** WHAT TO WORK ON **
Select, from the data, each line where "Full" occurs.

[Records from a dataset]
───

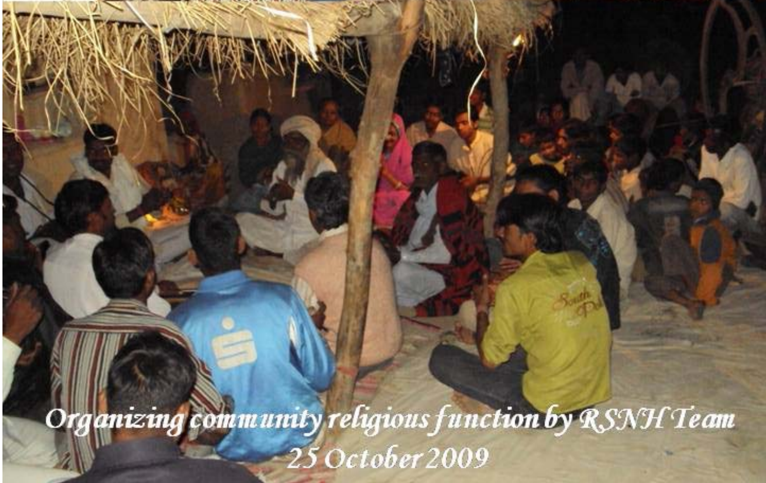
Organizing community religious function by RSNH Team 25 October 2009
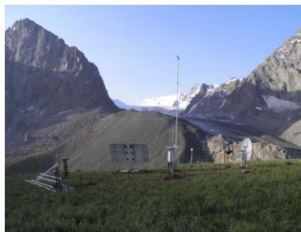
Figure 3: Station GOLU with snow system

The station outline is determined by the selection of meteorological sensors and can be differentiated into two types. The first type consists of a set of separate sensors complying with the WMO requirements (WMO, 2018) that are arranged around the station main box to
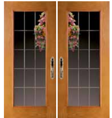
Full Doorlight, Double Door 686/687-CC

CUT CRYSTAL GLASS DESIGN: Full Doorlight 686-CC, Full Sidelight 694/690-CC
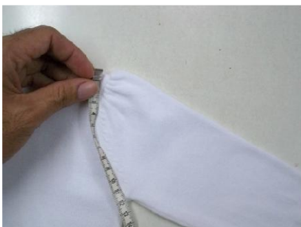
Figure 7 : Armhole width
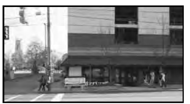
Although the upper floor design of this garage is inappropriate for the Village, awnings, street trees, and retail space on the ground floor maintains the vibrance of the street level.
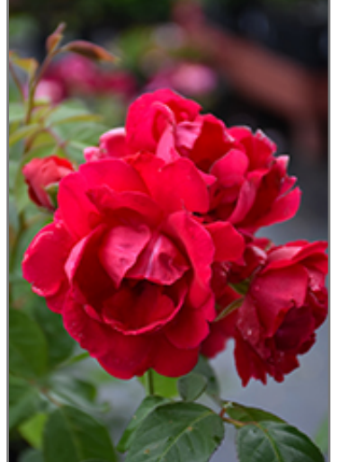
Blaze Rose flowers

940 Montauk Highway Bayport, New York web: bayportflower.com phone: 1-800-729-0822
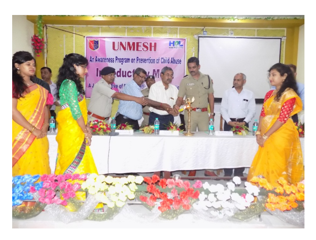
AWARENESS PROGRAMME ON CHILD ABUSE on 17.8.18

───

** RESULT OF THE TASK **
Full Doorlight, Double Door 686/687-CC
CUT CRYSTAL GLASS DESIGN: Full Doorlight 686-CC, Full Sidelight 694/690-CC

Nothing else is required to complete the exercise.